What is being asked
Taking only the lines of the data below from the line with "My money is" to the line with "Este saco de", ends included, write them out exactly and without pictures.

Dataset excerpts
=-=-=-=-=

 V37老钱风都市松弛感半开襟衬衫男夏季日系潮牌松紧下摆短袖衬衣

=-=-=-=-=

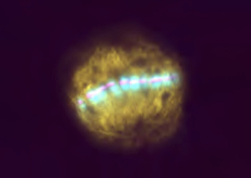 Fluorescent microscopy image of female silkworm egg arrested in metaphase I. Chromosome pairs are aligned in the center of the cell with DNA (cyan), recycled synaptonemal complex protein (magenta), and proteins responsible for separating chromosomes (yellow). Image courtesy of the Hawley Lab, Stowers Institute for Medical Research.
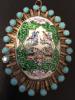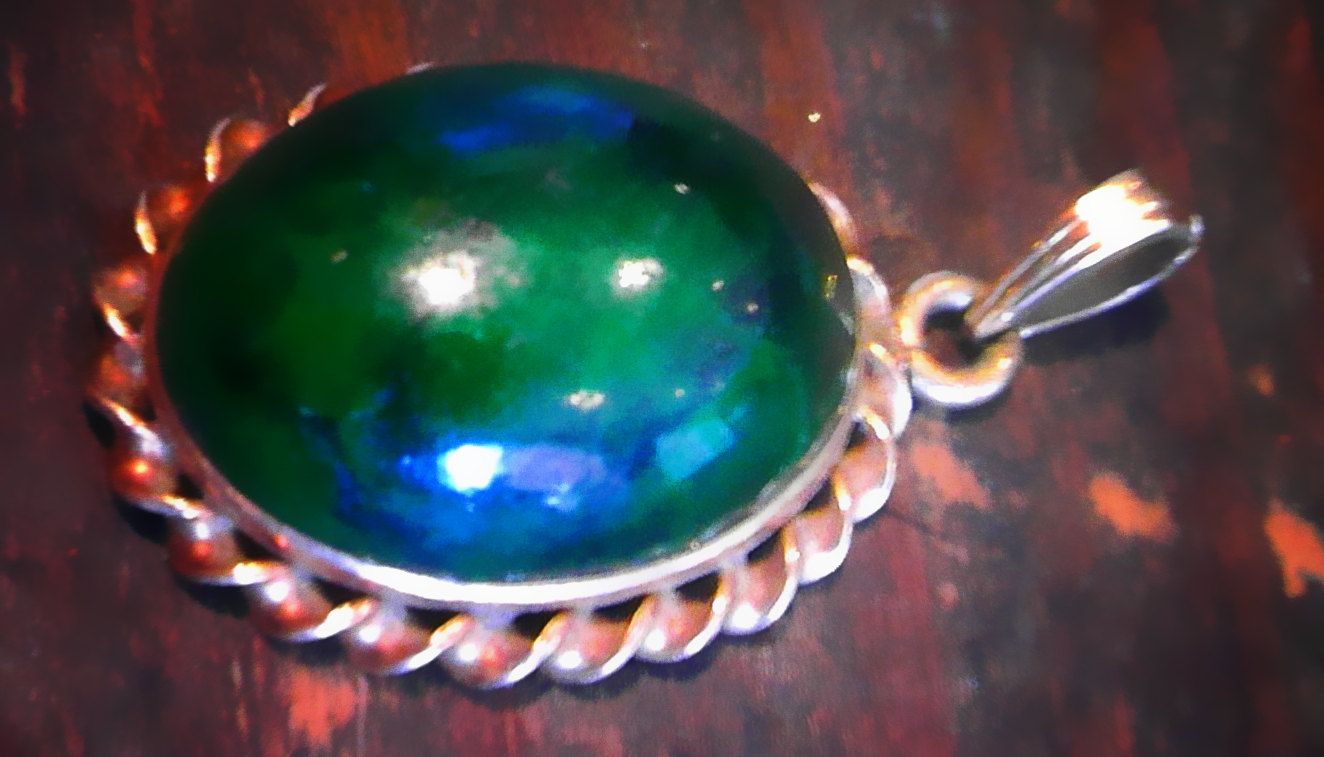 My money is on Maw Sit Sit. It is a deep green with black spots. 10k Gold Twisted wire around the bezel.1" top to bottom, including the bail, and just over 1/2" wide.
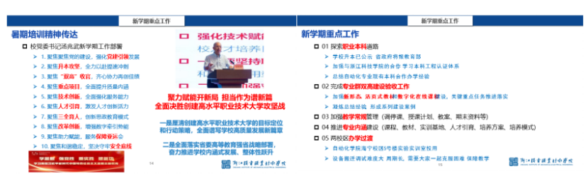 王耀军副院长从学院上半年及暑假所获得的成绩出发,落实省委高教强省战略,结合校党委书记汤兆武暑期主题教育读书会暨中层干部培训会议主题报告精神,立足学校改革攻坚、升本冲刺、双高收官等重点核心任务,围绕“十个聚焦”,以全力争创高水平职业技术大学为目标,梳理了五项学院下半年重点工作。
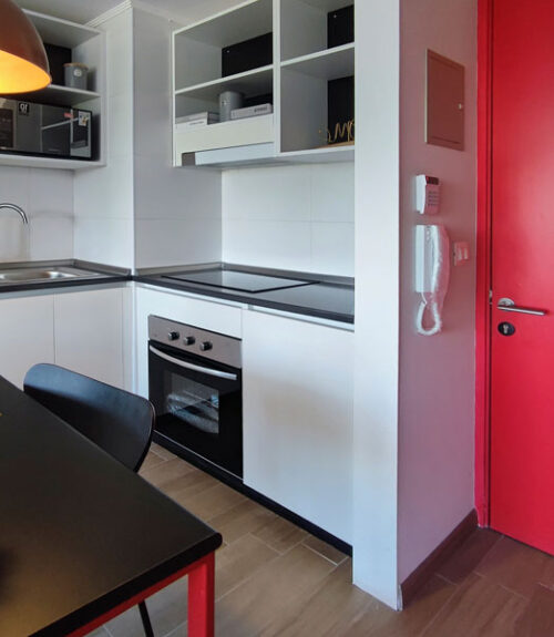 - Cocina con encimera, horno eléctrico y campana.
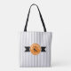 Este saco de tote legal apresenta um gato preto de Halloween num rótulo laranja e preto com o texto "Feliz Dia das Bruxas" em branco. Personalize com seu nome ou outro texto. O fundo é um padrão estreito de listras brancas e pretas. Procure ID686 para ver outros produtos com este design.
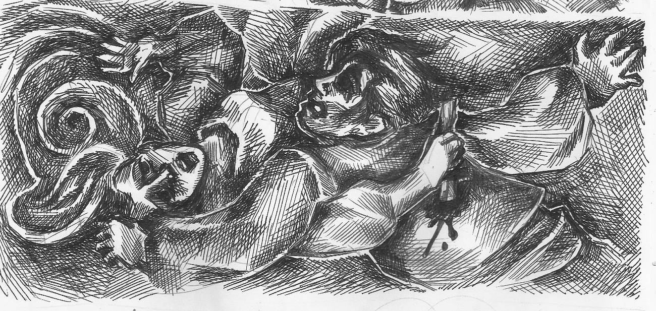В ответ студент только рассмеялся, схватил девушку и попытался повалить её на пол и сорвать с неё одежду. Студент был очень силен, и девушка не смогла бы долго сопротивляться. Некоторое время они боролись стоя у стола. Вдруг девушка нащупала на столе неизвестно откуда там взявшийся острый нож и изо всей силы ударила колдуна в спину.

=-=-=-=-=

Response to this task
 My money is on Maw Sit Sit. It is a deep green with black spots. 10k Gold Twisted wire around the bezel.1" top to bottom, including the bail, and just over 1/2" wide.
 王耀军副院长从学院上半年及暑假所获得的成绩出发,落实省委高教强省战略,结合校党委书记汤兆武暑期主题教育读书会暨中层干部培训会议主题报告精神,立足学校改革攻坚、升本冲刺、双高收官等重点核心任务,围绕“十个聚焦”,以全力争创高水平职业技术大学为目标,梳理了五项学院下半年重点工作。
 - Cocina con encimera, horno eléctrico y campana.
 Este saco de tote legal apresenta um gato preto de Halloween num rótulo laranja e preto com o texto "Feliz Dia das Bruxas" em branco. Personalize com seu nome ou outro texto. O fundo é um padrão estreito de listras brancas e pretas. Procure ID686 para ver outros produtos com este design.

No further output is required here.